Real-world applications

💊

Nursing

Medication dosages, IV drip rates, vital monitoring

💰

Retail & Finance

Discounts, tax, tips, profit margins

When someone hands you a dataset, the first step is to describe its distribution. Before you calculate anything, you need a clear picture of how the data is spread out. A good description tells the reader what the data looks like, where the center is, how spread out the values are, and whether anything unusual is going on. Statisticians have a simple framework for doing this consistently every time.

The SOCS Framework

SOCS is a checklist for describing any distribution:

Letter	Stands For	What to Address
S	Shape	Is the distribution symmetric, skewed, or bimodal?
O	Outliers	Are there any unusually high or low values?
C	Center	What is a typical value? (mean or median)
S	Spread	How much do the values vary? (range, IQR, standard deviation)

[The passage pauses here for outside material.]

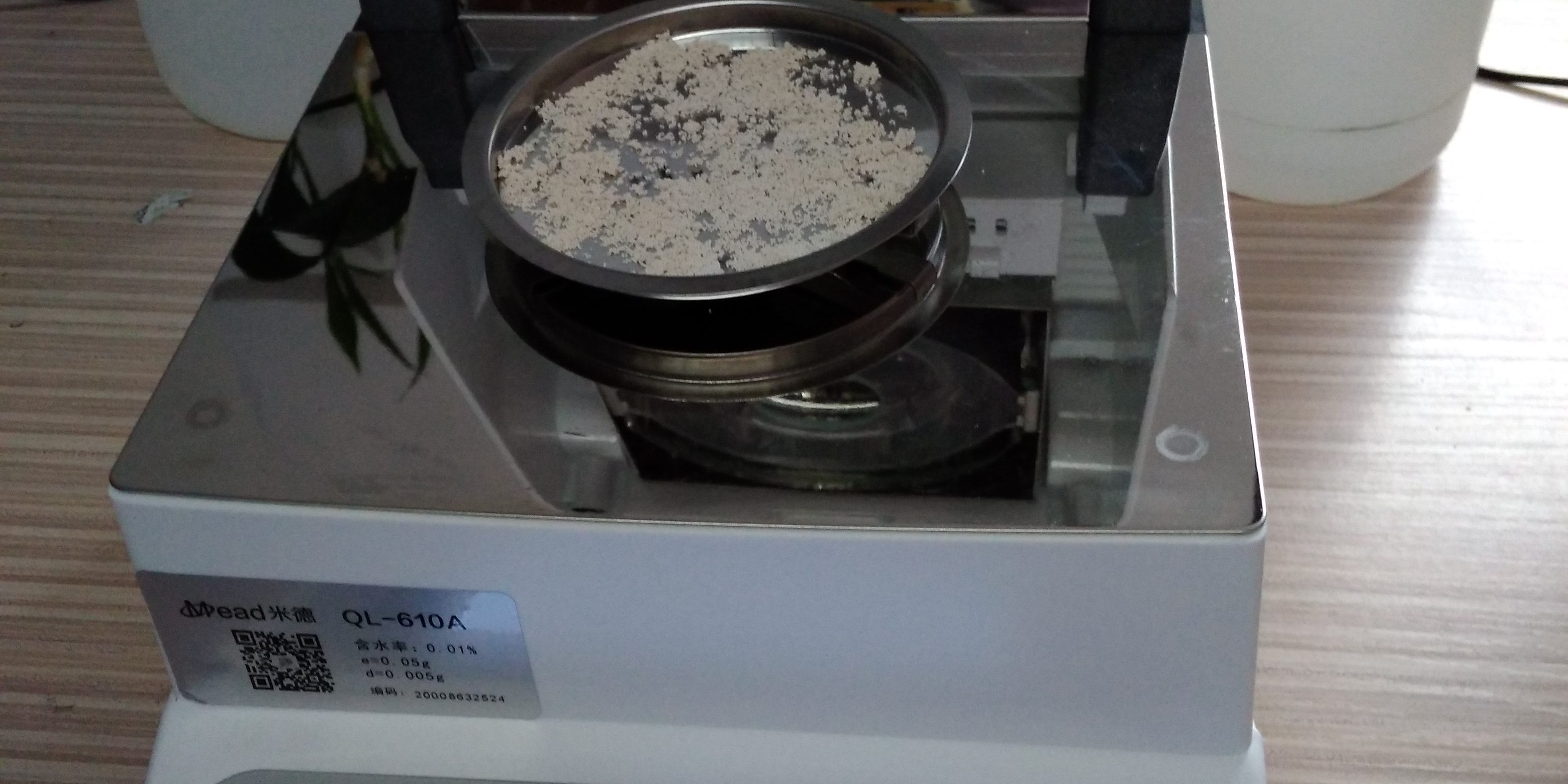• 測試樹脂顆粒:倒出4克左右樹脂料顆粒倒在不銹鋼托盤中,為了使測試過程中樹脂水分儀將樹脂料烘干烘透,我們將樹脂顆粒攤成分散狀,以便溫度能滲透進樹脂內(nèi)部。用鑷子將樹脂顆粒平鋪均勻,為避免樹脂顆粒烘烤后變焦變黑,我們將溫度設(shè)置在105℃,按“START”鍵開始測試,15分07秒后檢測結(jié)束,檢測數(shù)據(jù)顯示56.57%;

When you describe a distribution, address all four elements in order. This ensures you never miss an important feature of the data.

Shape of a Distribution

The shape of a distribution describes the overall pattern of the data when you look at a histogram or dot plot. There are five common shapes you should know.

Symmetric — The left side is roughly a mirror image of the right side. The mean and median are approximately equal. Example: test scores on a well-designed exam typically form a symmetric bell shape.

Skewed Right (Positively Skewed) — The bulk of the data is on the left, with a long tail stretching to the right. The mean is greater than the median because the tail pulls the mean toward higher values. Example: household income in the United States is skewed right — most households earn moderate amounts, but a few very high earners stretch the tail far to the right.

Skewed Left (Negatively Skewed) — The bulk of the data is on the right, with a long tail stretching to the left. The mean is less than the median because the tail pulls the mean toward lower values. Example: age at retirement is skewed left — most people retire around 62 to 67, but a few retire much earlier, creating a left tail.

Bimodal — The distribution has two distinct peaks. This often indicates that the data comes from two different groups mixed together. Example: the heights of a mixed male and female group often show two peaks — one near the average female height and one near the average male height.

Uniform — All values occur with roughly equal frequency. There is no peak and no tail. Example: the outcomes of rolling a fair die — each face (1 through 6) comes up about equally often.

Three Common Distribution Shapes

How Shape Affects Center

The shape of a distribution determines the relationship between the mean and the median. This is one of the most important ideas in descriptive statistics because it tells you which measure of center to trust.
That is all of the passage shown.